On 13th and 14th of June 2019, I attended InfluxDays London, an annual convention held by InfluxData.

The InfluxDays give insights about the recent developments of the company and the industry in general.

It also features numerous guest speakers who provide feedbacks about real world use cases and reality checks.

This year, the convention was hosted in London, more precisely in the Brewery which is specialized in hosting corporate venues in the Finsbury district of London.

Given the very fast pace of changes in the industry with new languages, new APIs, new partnerships and a complete shift from 1.x to 2.x, expectations were high.

What are the key facts that were announced and what’s in the future for developers?

In this article, we are going to have a complete look at all the new features announced for the future of InfluxDB.

I chose to have a special section for the recent industry collaborations and a community chapter to conclude this recap.

Without further ado, here are the key facts of InfluxDays London 2019.

I – From InfluxDB 1.x to InfluxDB 2.x

If you have been working with InfluxDB for quite some time, you already know about the TICK stack, composed of Telegraf, InfluxDB, Chronograf and Kapacitor.

All those components cover a very specific use case, whether it is about visualization with Chronograf, stream processing and analysis with Kapacitor or metrics gathering using Telegraf.

However, some of those components showed some limitations, in addition to the inability of InfluxQL to scale up besides being a great ramp for the platform at the beginning.

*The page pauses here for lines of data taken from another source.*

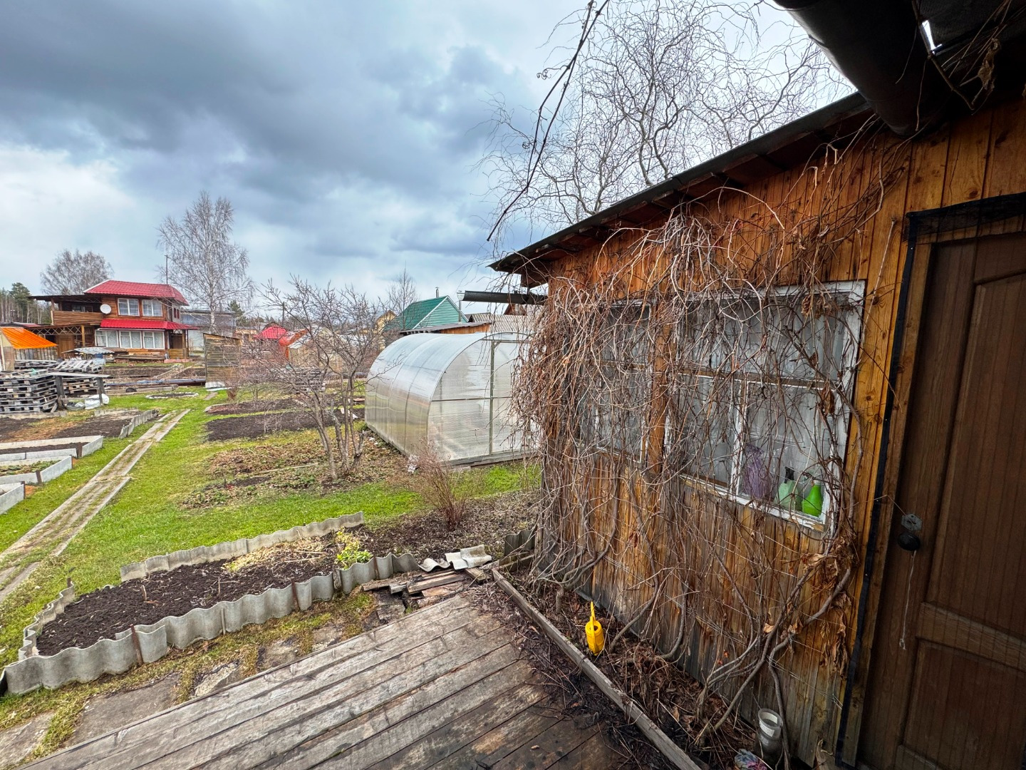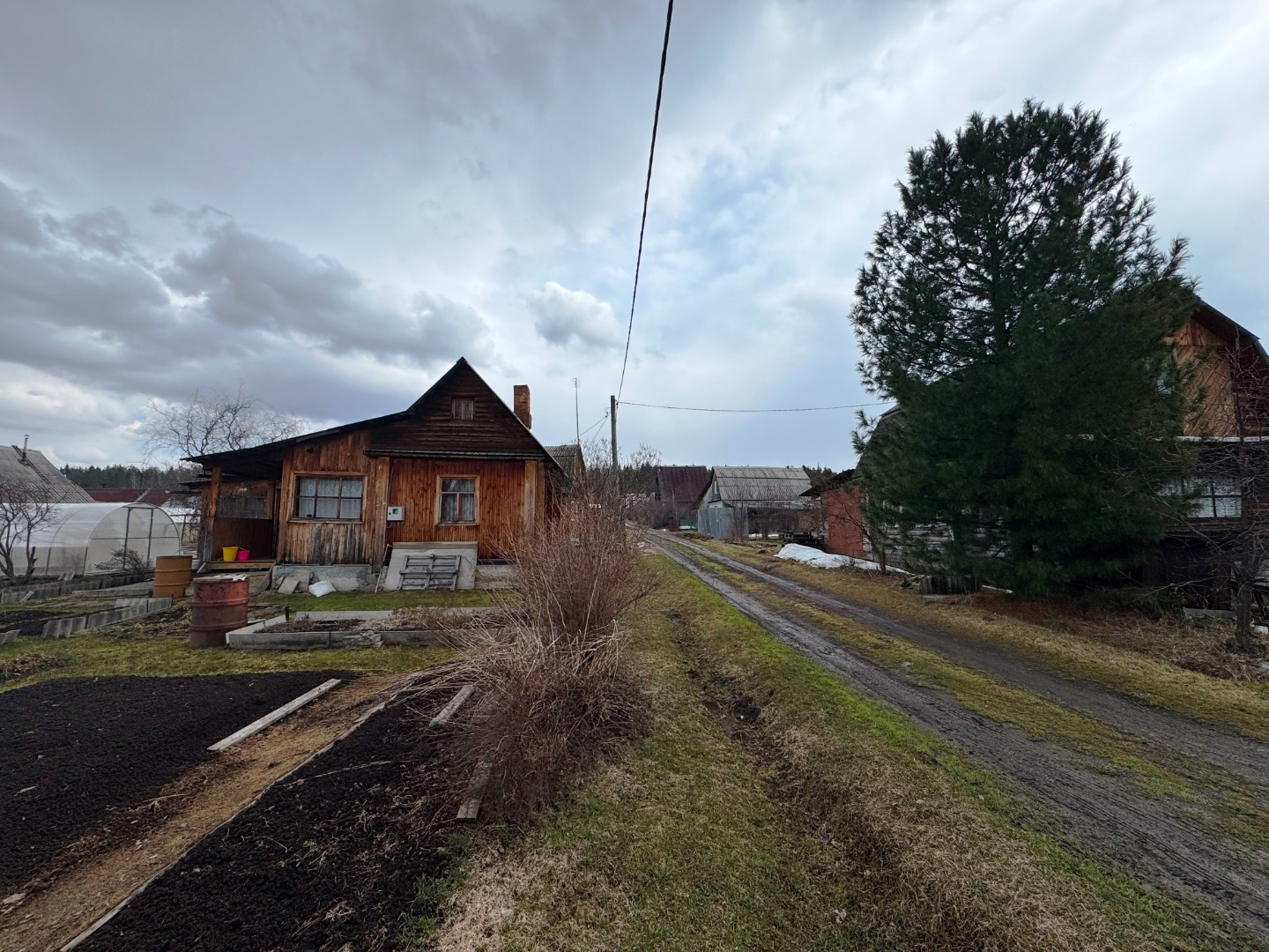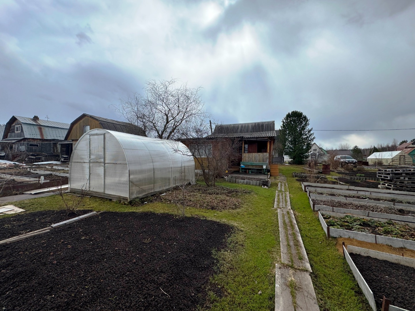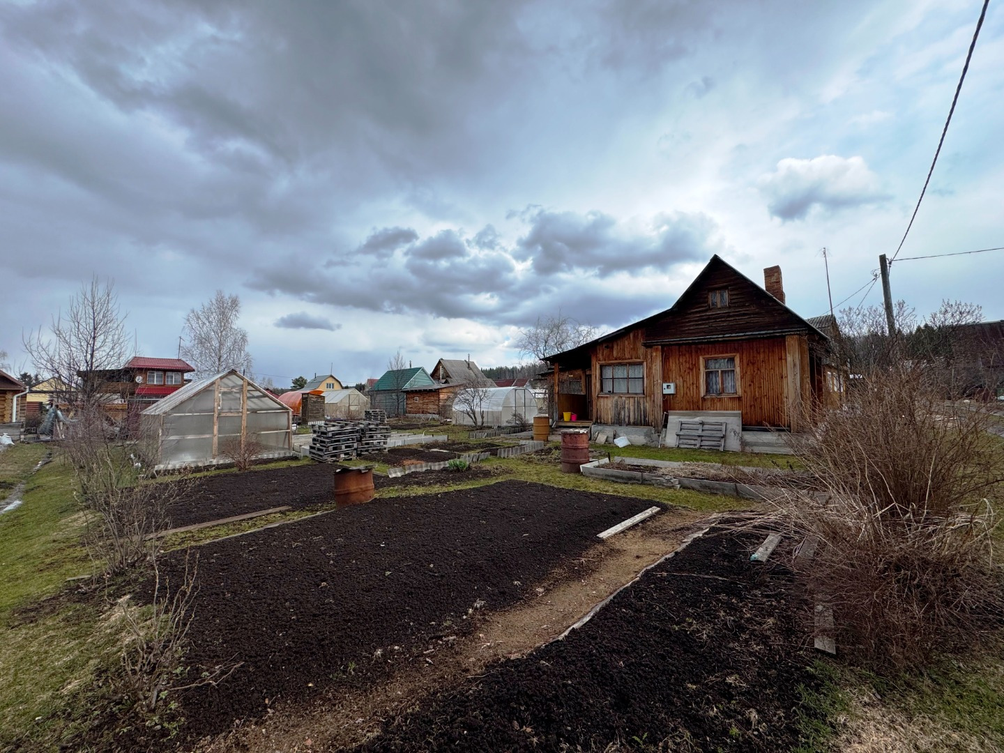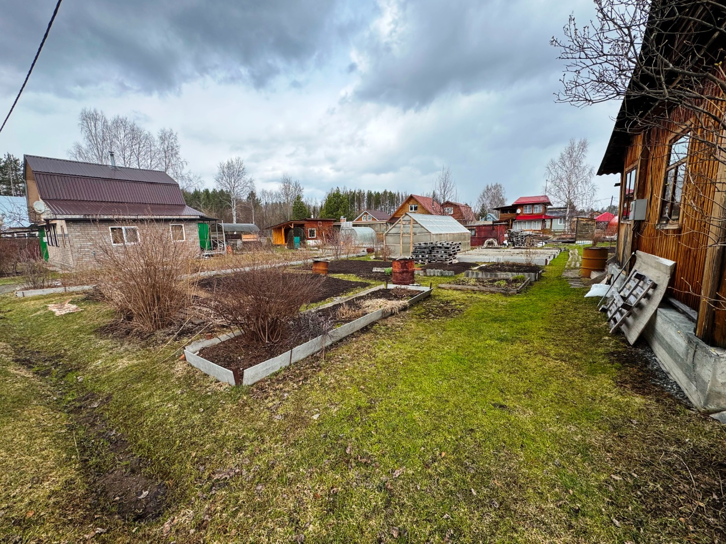 Участок по периметру не огорожен забором, но при желании можно огородить. Имеется две теплицы.
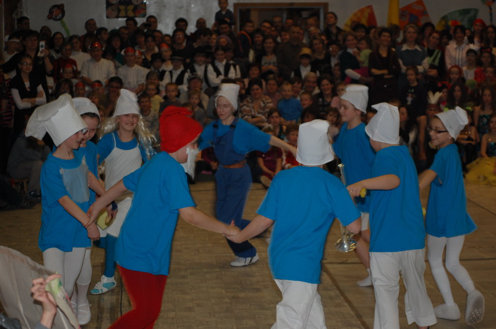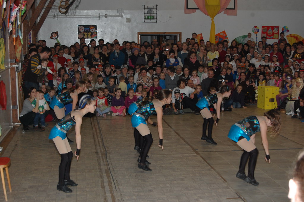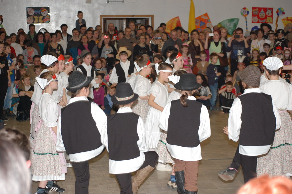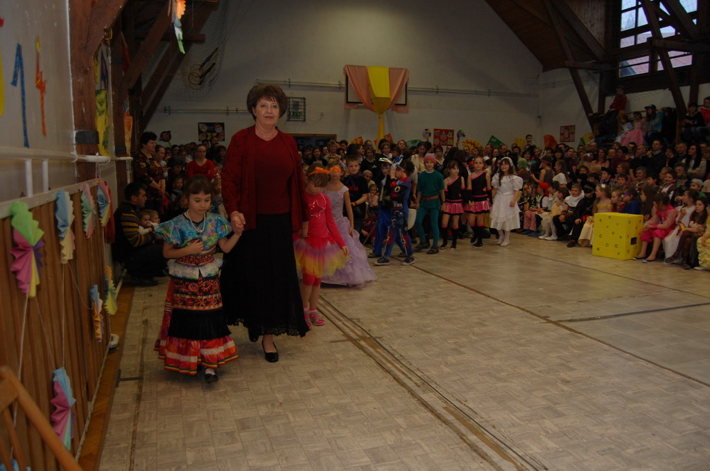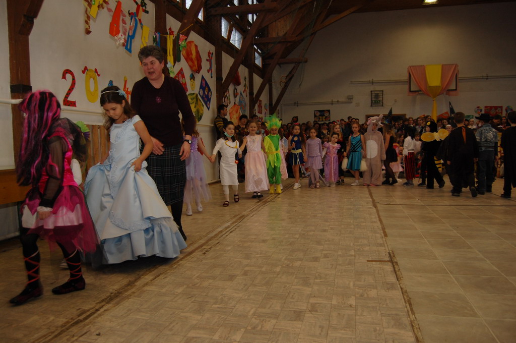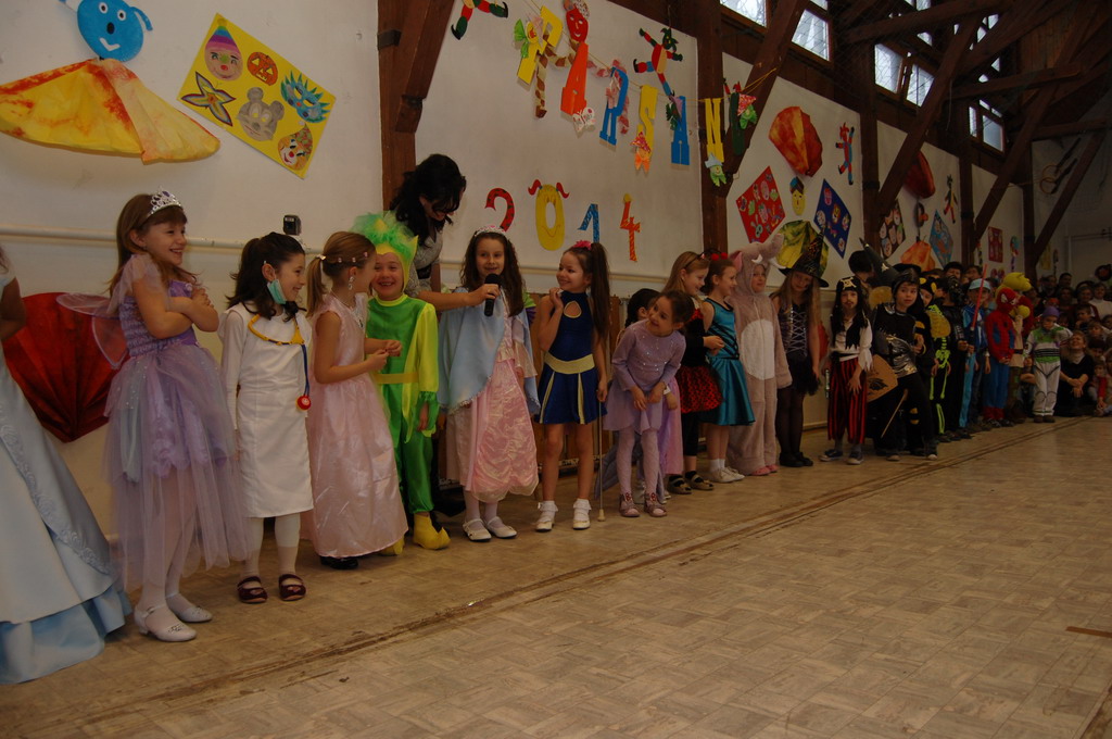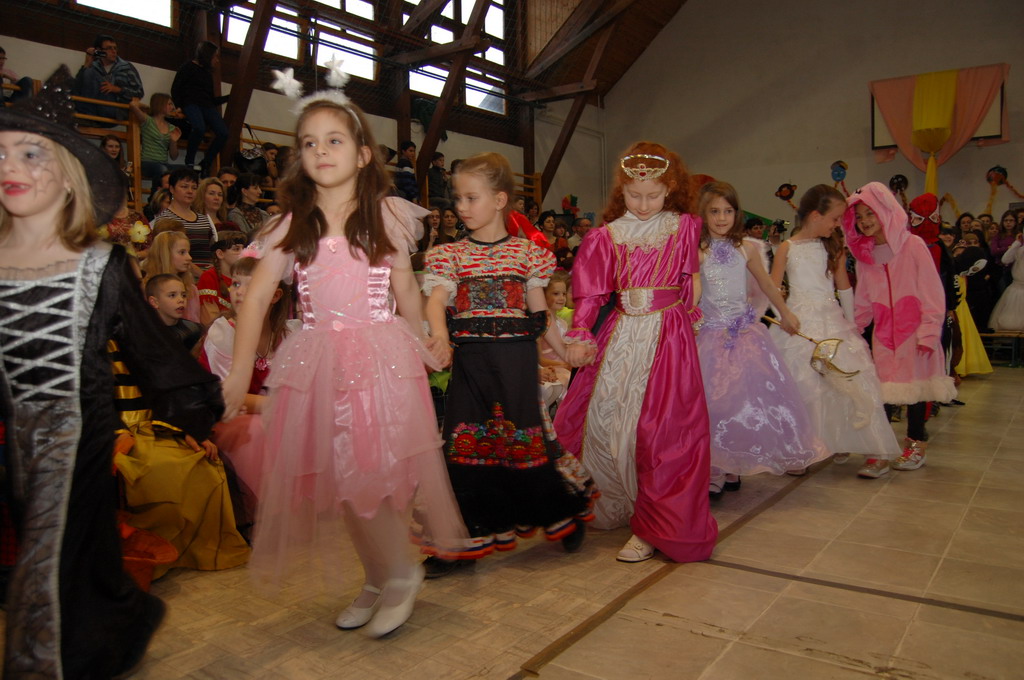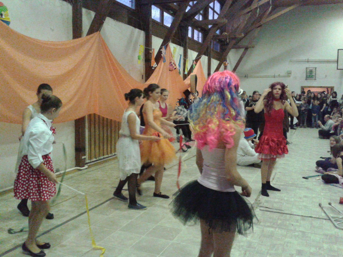 Az igazgató úr megnyitó beszéde után a 6. és 7. osztály társastáncosai gyönyörű ruhában angolkeringővel kezdték meg a szórakoztató jelmezes bemutatókat. Szinte minden felsős részt vett a vidám műsorban, melyben az osztályok jobbnál-jobb élménydús zenés jelenetet, paródiát, táncot, éneket adtak elő, a közönség (tanárok, szülők, kisdiákok) nem kis örömére. A farsangi karnevál első része társastáncosaink kör cha-chájával fejeződött be.
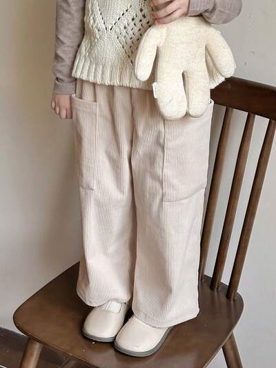 Young Girls Velvet Korean Style Casual Flared Ruffle Hem Pants, Autumn/Winter
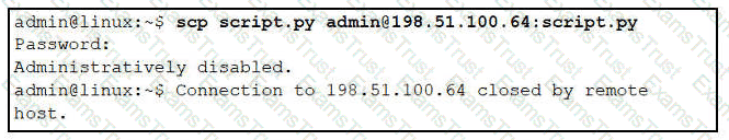 A network administrator has developed a Python script on the local Linux machine and is trying to transfer it to the router. However, the transfer fails. Which action resolves this issue?
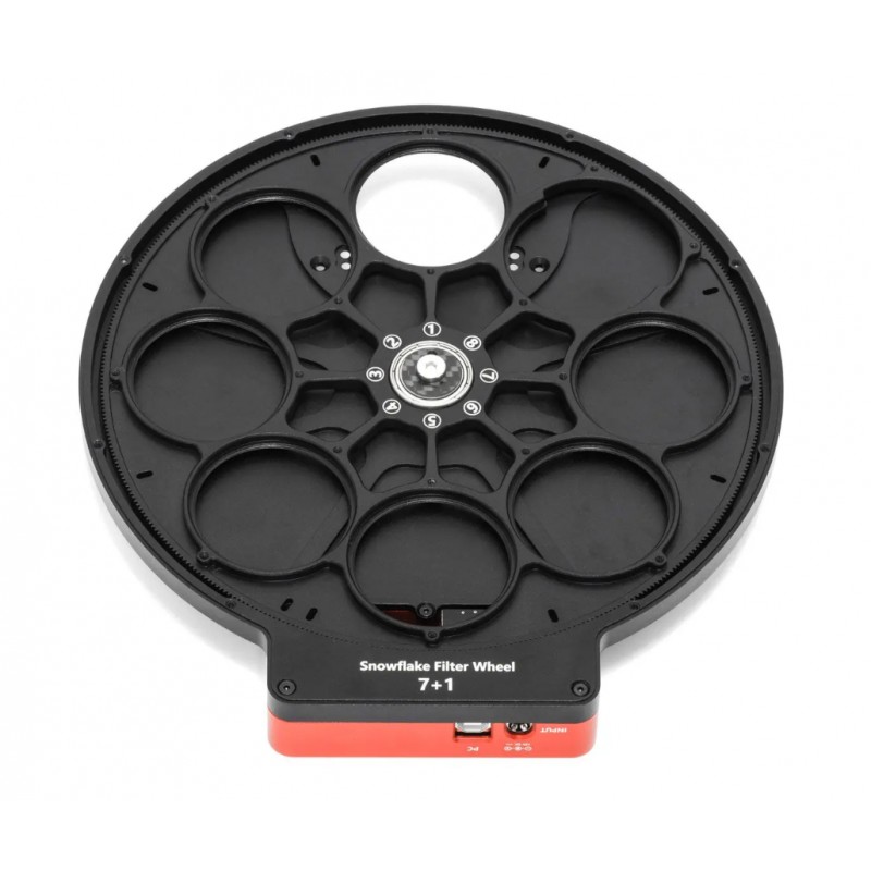 The structure integrates a central mounting screw, increasing rigidity compared to conventional designs. The wheel is compatible with ZWO, QHY, ToupTek, and PlayerOne cameras and off-axis guiders in APS-C and full-frame formats. A dedicated recessed groove allows installation of QHYCCD cameras without increasing back focus.
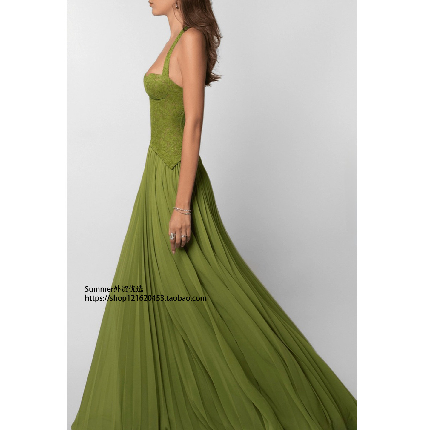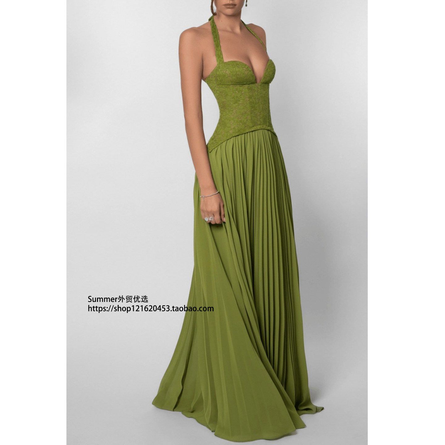 hanging neck dress 性感挂脖露背低领收腰褶皱吊带连衣裙Lace

That’s the reason why InfluxData invested in InfluxDB 2.0, unveiling the Flux language and revamping the whole platform thus inherently putting an end to the TICK stack as we used to know it.

The announcements made in InfluxDays London confirmed the transition.

a – InfluxDB as a single platform

Influx is much more than just InfluxDB. Even if the product is called InfluxDB 2.0, the single UI platform that InfluxData is building is doing way more than that.

Right now, Chronograf is integrated directly into the InfluxDB 2.0 platform. You have a real coexistence of the two products and you don’t have to rely on two different products to visualize data anymore.

As you can see, InfluxDB is stated to be a time series database visualization (Chronograf aspect of it), query and task engine (tasks will be explained a little bit later).

Having a single platform for everything is interesting.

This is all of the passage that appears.